We found something that was causing a problem over the past few months and fixed it.
The problem was that some of our automated clean-up jobs were not completed. The job was running, which is why we weren’t getting any failure notifications, but then it would quietly die and the death was undetected. The clue came while we were assessing site performance and wondering why so many projects had old code fetches. And those old records that hadn’t been cleaned out were dragging database performance down.
We found a number of old jobs that had not been cleaned up and were able to track backwards to those cron jobs.
The fix is in and performance is better. Here is the before and after story:
Check out the scale on the left. It goes up to 1.2 seconds (!!). The average server response time for this period was nearly 800 ms.
K. Now check this out:
Check out the scale now. The max value is about 1/3 of the previous maximum. Current average server times are around 220 ms.

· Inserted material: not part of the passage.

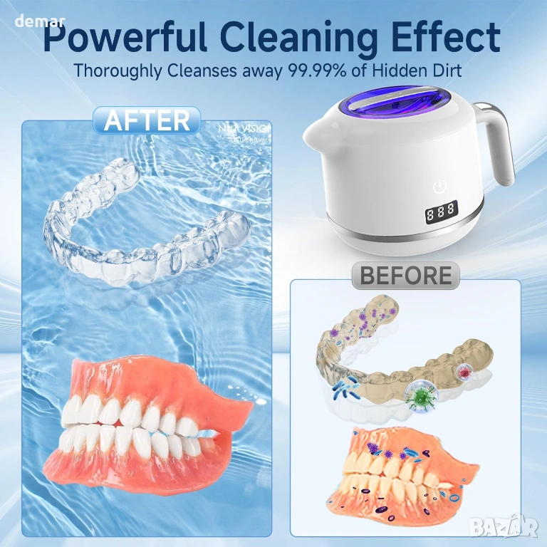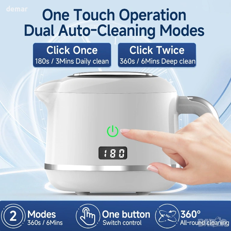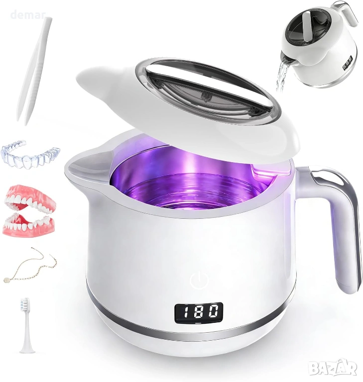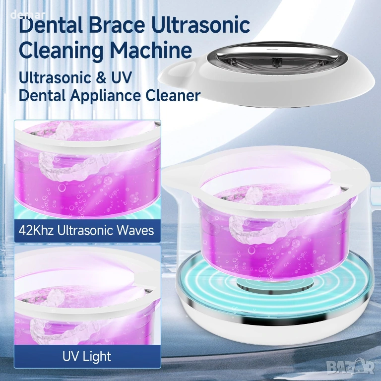 Тази ултразвукова почистваща машина използва високочестотни вълни с честота 42 kHz, комбинирани с двойни UV-C светлини, за да осигури дълбоко почистване и хигиенична грижа за дентални апарати и бижута, като ефективно премахва плака, миризми и остатъци без ръчно търкане. Тя произвежда микроскопични мехурчета, които достигат до малки пукнатини за цялостно, но нежно почистване, предотвратявайки надраскване на деликатни предмети. Издръжливият резервоар от 180 мл е изработен от устойчива на корозия неръждаема стомана 304 и разполага с прозрачен прозорец за лесно наблюдение. С прости сензорни контроли, потребителите могат да избират между бързи ежедневни или по-дълбоки цикли на почистване, а тихата работа гарантира минимално смущение. Компактният и преносим дизайн я прави подходяща както за домашна употреба, така и за пътуване, предлагайки удобно решение за почистване „всичко в едно“.
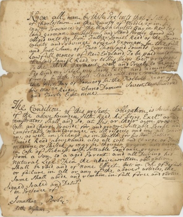 Seth Reed wrote his will on March 6, 1783. It included an inventory of his estate as well as a list of expenses to be paid after his death. In his will, Seth appointed his son Daniel as his executor. He left a silver tankard for Daniel, and a silver porringer each to his daughter Lydia Smith and his granddaughter Rhoda Reed. To his granddaughter Hannah Reed he left “four large silver spoones and six silver tea spoones and one pair of gold sleeve buttons.” Vital records of Arlington, MA reveal that Seth Reed died of age and dropsy on March 18, 1783 at age 80. Dropsy, now known as edema, is an abnormal accumulation of excess water, causing the swelling of soft tissues.

Of course, when we don’t run analysis, the server responds with average times of less than 80 ms, which is where we want to be. We’ll get there when we separate the Analytics database from the Web Application database later this year.
But first, we’re working on re-enabling new account creation. The initial spike work has been completed and we are reviewing the results. Thanks for your patience and support during this period.
Oh, and another result of fixing the clean up scripts is that outdated projects are now automatically getting caught up as they are supposed to. Sweet.